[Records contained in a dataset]
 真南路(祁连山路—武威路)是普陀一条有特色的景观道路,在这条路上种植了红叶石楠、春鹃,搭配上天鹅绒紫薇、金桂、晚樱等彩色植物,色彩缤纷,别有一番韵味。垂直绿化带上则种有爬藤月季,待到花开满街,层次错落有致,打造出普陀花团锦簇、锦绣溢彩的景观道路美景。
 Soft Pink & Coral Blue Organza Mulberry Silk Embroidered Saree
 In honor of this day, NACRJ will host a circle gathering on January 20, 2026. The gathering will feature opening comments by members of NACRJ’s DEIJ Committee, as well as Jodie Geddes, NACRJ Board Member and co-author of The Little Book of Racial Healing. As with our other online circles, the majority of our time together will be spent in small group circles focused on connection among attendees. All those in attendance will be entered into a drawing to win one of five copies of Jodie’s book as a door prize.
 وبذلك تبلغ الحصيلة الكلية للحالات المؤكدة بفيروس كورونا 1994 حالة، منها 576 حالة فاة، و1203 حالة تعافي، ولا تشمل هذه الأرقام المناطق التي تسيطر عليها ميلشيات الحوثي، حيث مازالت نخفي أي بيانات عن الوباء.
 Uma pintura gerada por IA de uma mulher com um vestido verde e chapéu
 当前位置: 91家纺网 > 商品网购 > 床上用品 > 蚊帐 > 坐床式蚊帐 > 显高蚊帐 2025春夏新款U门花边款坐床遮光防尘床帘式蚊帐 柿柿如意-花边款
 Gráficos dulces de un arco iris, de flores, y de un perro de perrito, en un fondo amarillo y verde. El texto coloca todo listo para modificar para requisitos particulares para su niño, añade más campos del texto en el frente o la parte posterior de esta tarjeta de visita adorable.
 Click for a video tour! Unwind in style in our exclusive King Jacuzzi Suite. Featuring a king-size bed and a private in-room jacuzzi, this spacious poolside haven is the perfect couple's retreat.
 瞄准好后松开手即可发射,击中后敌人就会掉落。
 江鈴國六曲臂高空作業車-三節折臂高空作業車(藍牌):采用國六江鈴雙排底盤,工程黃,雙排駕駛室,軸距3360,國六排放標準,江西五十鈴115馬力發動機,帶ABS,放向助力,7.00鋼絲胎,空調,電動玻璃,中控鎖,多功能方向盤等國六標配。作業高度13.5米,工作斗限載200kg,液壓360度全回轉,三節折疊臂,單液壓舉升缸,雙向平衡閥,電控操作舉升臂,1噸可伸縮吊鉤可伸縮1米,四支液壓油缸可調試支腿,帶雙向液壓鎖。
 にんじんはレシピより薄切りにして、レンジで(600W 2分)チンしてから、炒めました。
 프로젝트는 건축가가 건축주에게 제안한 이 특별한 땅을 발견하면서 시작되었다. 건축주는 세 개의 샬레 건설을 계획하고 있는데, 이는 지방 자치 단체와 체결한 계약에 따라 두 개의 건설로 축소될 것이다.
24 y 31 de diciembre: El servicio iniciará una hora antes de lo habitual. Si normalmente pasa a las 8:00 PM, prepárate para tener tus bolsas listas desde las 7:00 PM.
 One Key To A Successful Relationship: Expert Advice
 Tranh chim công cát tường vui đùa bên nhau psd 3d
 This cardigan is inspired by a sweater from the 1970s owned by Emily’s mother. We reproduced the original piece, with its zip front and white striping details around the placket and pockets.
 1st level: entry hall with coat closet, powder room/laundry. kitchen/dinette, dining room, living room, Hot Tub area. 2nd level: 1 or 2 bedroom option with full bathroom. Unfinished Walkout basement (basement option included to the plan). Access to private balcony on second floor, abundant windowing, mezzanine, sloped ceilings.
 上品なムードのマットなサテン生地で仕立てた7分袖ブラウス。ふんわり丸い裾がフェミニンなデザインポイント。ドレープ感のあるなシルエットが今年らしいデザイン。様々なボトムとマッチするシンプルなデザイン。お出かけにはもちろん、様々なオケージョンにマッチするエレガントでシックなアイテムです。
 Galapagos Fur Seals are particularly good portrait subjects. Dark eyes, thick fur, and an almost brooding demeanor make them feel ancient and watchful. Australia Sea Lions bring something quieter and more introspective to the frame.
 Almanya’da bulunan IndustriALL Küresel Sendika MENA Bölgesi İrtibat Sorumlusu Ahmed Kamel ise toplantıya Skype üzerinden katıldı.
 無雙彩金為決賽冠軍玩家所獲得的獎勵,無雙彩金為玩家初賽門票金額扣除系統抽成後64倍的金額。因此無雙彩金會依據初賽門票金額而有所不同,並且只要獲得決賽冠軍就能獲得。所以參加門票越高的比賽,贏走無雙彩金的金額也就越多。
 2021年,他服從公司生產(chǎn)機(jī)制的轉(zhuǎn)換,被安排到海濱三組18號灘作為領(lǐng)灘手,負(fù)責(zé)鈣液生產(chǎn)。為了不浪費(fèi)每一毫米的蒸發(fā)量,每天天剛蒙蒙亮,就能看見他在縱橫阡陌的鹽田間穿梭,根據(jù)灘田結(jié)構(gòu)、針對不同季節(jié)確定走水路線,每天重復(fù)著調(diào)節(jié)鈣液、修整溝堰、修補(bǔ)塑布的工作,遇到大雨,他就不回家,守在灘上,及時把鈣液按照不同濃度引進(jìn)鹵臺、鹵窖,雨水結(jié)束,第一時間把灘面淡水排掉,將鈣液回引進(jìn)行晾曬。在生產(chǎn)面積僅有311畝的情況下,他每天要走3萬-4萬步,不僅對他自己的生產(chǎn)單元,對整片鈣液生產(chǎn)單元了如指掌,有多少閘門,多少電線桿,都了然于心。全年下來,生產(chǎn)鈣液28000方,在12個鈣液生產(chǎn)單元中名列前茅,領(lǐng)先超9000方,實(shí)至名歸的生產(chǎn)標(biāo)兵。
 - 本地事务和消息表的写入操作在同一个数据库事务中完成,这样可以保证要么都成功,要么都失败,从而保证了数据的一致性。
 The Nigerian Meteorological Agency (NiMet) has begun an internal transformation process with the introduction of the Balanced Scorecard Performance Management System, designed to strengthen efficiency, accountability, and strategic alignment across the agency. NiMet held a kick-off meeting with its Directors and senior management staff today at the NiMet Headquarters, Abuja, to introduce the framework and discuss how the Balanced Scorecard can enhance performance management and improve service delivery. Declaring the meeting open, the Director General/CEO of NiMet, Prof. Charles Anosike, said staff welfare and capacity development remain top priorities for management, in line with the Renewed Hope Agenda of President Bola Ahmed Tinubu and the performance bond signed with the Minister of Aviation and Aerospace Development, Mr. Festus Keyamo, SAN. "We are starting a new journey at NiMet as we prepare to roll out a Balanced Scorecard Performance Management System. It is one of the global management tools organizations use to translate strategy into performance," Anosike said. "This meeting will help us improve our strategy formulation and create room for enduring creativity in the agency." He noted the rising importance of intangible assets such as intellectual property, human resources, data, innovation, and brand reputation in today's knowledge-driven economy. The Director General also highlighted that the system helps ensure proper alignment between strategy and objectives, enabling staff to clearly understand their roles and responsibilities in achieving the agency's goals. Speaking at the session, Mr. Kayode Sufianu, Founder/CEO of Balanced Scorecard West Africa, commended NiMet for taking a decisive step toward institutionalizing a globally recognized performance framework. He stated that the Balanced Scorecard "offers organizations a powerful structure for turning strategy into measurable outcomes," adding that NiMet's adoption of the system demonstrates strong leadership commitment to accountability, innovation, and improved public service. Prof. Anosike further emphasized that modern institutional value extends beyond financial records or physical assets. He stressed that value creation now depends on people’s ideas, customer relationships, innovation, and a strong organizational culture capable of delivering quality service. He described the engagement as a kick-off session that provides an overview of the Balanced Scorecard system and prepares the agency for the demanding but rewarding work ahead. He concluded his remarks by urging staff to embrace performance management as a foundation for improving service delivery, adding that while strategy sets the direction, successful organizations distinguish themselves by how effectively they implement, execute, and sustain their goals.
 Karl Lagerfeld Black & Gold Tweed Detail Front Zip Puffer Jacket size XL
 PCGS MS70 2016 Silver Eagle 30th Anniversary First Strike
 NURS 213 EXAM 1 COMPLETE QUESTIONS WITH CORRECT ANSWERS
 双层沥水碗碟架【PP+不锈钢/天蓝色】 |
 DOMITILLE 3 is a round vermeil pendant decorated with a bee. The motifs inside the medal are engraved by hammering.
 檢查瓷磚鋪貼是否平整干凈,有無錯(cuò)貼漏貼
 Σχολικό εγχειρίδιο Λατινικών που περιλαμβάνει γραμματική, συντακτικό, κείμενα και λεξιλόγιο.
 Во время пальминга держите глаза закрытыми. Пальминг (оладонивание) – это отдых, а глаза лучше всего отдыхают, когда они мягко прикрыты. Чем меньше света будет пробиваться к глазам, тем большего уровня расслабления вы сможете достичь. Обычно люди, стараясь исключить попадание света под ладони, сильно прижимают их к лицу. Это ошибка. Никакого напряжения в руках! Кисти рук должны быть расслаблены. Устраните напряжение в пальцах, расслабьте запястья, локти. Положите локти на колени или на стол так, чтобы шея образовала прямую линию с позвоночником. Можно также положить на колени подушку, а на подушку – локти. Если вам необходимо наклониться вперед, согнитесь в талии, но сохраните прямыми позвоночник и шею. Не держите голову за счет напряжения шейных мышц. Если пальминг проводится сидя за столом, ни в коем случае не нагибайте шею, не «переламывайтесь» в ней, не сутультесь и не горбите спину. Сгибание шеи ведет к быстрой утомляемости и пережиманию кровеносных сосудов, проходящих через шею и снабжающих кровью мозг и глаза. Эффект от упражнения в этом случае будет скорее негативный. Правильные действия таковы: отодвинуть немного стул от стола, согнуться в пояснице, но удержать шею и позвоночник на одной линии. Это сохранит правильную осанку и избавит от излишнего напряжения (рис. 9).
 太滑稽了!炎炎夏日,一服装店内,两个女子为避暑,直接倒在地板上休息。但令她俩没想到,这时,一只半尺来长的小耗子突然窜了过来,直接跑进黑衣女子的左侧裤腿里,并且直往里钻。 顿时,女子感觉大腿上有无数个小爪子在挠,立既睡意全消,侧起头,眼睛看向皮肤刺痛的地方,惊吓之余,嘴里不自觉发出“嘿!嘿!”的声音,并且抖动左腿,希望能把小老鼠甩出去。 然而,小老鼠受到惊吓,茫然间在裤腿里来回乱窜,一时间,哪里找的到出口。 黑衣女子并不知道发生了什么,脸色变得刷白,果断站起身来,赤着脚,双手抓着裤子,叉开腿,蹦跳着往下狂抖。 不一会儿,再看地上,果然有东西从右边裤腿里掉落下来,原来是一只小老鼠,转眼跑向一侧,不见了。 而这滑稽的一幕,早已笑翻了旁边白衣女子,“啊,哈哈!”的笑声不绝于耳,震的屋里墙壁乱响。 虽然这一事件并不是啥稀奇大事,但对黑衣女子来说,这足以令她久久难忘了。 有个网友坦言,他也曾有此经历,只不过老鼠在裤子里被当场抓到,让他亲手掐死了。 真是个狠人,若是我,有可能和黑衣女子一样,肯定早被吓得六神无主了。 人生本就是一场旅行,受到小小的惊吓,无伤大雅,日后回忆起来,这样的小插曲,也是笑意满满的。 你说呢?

How to complete this task:
Word for word, output the lines of the data from its first line through the line where "Tranh chim công" appears, and stop there.

Finished task:
 真南路(祁连山路—武威路)是普陀一条有特色的景观道路,在这条路上种植了红叶石楠、春鹃,搭配上天鹅绒紫薇、金桂、晚樱等彩色植物,色彩缤纷,别有一番韵味。垂直绿化带上则种有爬藤月季,待到花开满街,层次错落有致,打造出普陀花团锦簇、锦绣溢彩的景观道路美景。
 Soft Pink & Coral Blue Organza Mulberry Silk Embroidered Saree
 In honor of this day, NACRJ will host a circle gathering on January 20, 2026. The gathering will feature opening comments by members of NACRJ’s DEIJ Committee, as well as Jodie Geddes, NACRJ Board Member and co-author of The Little Book of Racial Healing. As with our other online circles, the majority of our time together will be spent in small group circles focused on connection among attendees. All those in attendance will be entered into a drawing to win one of five copies of Jodie’s book as a door prize.
 وبذلك تبلغ الحصيلة الكلية للحالات المؤكدة بفيروس كورونا 1994 حالة، منها 576 حالة فاة، و1203 حالة تعافي، ولا تشمل هذه الأرقام المناطق التي تسيطر عليها ميلشيات الحوثي، حيث مازالت نخفي أي بيانات عن الوباء.
 Uma pintura gerada por IA de uma mulher com um vestido verde e chapéu
 当前位置: 91家纺网 > 商品网购 > 床上用品 > 蚊帐 > 坐床式蚊帐 > 显高蚊帐 2025春夏新款U门花边款坐床遮光防尘床帘式蚊帐 柿柿如意-花边款
 Gráficos dulces de un arco iris, de flores, y de un perro de perrito, en un fondo amarillo y verde. El texto coloca todo listo para modificar para requisitos particulares para su niño, añade más campos del texto en el frente o la parte posterior de esta tarjeta de visita adorable.
 Click for a video tour! Unwind in style in our exclusive King Jacuzzi Suite. Featuring a king-size bed and a private in-room jacuzzi, this spacious poolside haven is the perfect couple's retreat.
 瞄准好后松开手即可发射,击中后敌人就会掉落。
 江鈴國六曲臂高空作業車-三節折臂高空作業車(藍牌):采用國六江鈴雙排底盤,工程黃,雙排駕駛室,軸距3360,國六排放標準,江西五十鈴115馬力發動機,帶ABS,放向助力,7.00鋼絲胎,空調,電動玻璃,中控鎖,多功能方向盤等國六標配。作業高度13.5米,工作斗限載200kg,液壓360度全回轉,三節折疊臂,單液壓舉升缸,雙向平衡閥,電控操作舉升臂,1噸可伸縮吊鉤可伸縮1米,四支液壓油缸可調試支腿,帶雙向液壓鎖。
 にんじんはレシピより薄切りにして、レンジで(600W 2分)チンしてから、炒めました。
 프로젝트는 건축가가 건축주에게 제안한 이 특별한 땅을 발견하면서 시작되었다. 건축주는 세 개의 샬레 건설을 계획하고 있는데, 이는 지방 자치 단체와 체결한 계약에 따라 두 개의 건설로 축소될 것이다.
24 y 31 de diciembre: El servicio iniciará una hora antes de lo habitual. Si normalmente pasa a las 8:00 PM, prepárate para tener tus bolsas listas desde las 7:00 PM.
 One Key To A Successful Relationship: Expert Advice
 Tranh chim công cát tường vui đùa bên nhau psd 3d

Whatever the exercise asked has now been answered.